Ivano-Frankivsk Oblast
- Proportion: 2:3
- Adopted: 2001; 25 years ago
- Design: White field with a black jackdaw. Both the vertical edges are decorated by two different narrow bicolors.
- Designed by: Andriy Grechylo (Андрій Ґречило)

= Flag of Ivano-Frankivsk Oblast =

The flag of Ivano-Frankivsk Oblast (Прапор Івано-Франківської області; translit.: Prapor Ivano-Frankivs'koi oblasti) is the official flag of Ivano-Frankivsk Oblast, an oblast in Ukraine. It is a symbol of the Ivano-Frankivsk Oblast that inherits a historical tradition of using regional symbols and is an attribute of the local government and executive powers.

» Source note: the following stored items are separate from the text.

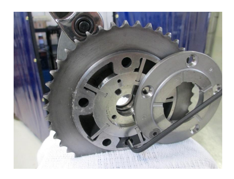
Step 9: Rotate the cover plate back over the control chambers and reinstall the safety bolt. Reinstall the cam phaser bolts, making sure to install the pin-bolt back into the correct position. Remember to torque the bolts to 85 in. lbs.
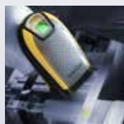
Hand Held scanners
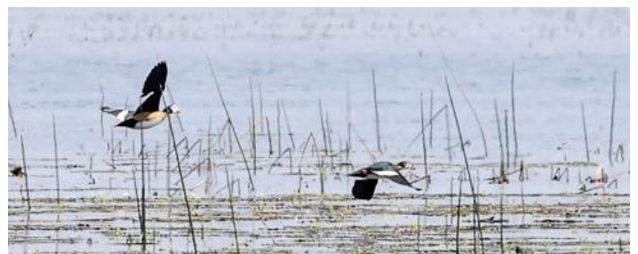
African Pygmy Geese
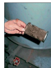
A used inline filter
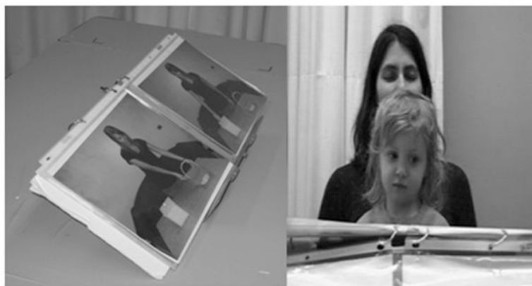
Figure 1. Picture book used in Experiment 1 (left) and a child participating in the task (right).
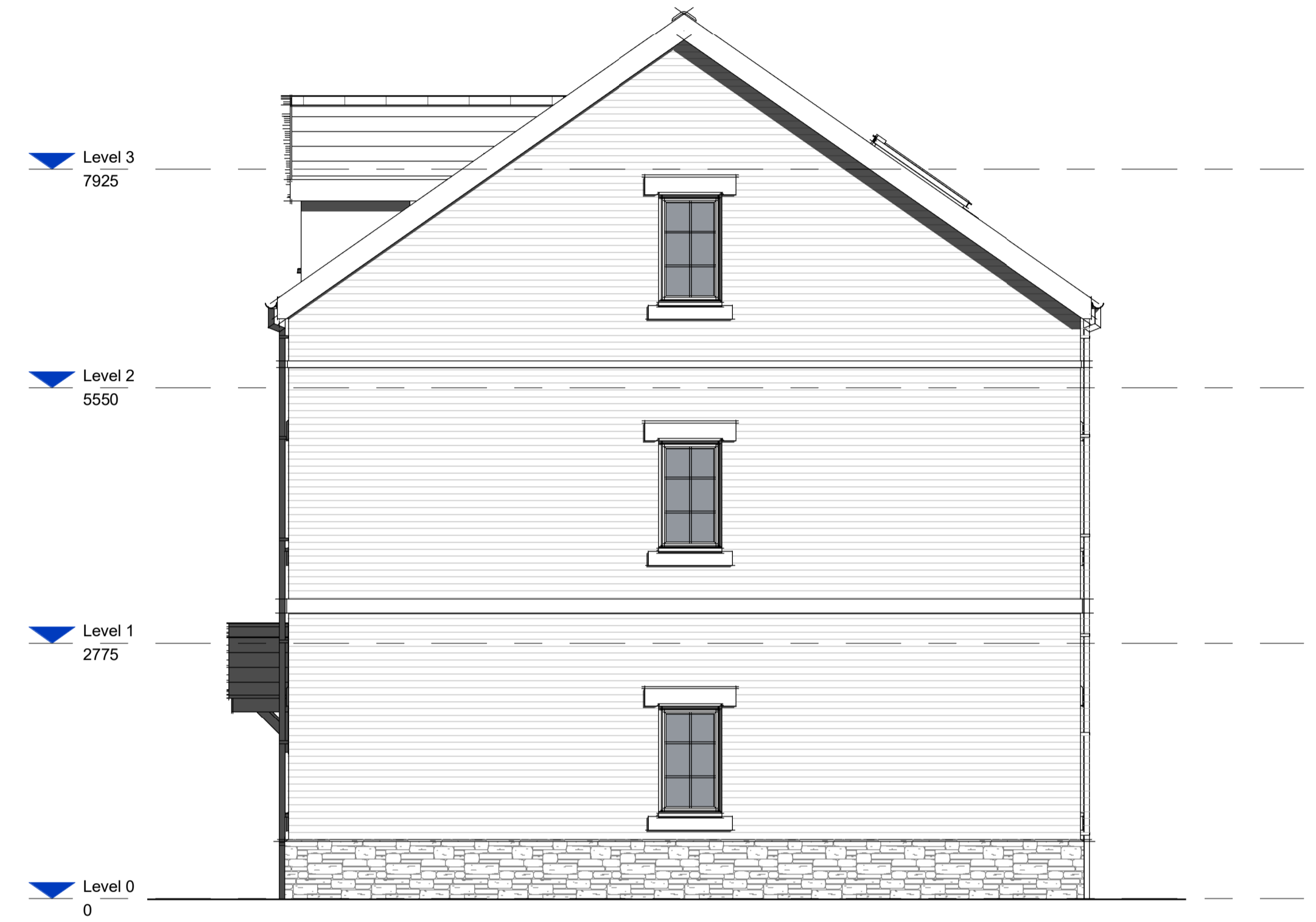
Side elevation 1 (Block 1 & 2) 1 : 50

The flag represents a banner of 2:3 proportion. In the middle of a white field is depicted a black jackdaw with raised wings and golden (yellow) crown, while facing the flagpole. At the flagpole side and along the side stretch red and black stripes, while on the opposite side the same way stretch blue and yellow stripes. The width of each stripe consists of 1/12 of the flag's length. The jackdaw with a crown represents the city of Halych, the traditional center of Galicia (Halych Land). The stripes represent the tradition of a fight for independence. The red and black stripes are the UPA colors, while the blue and yellow are the colors of national colors.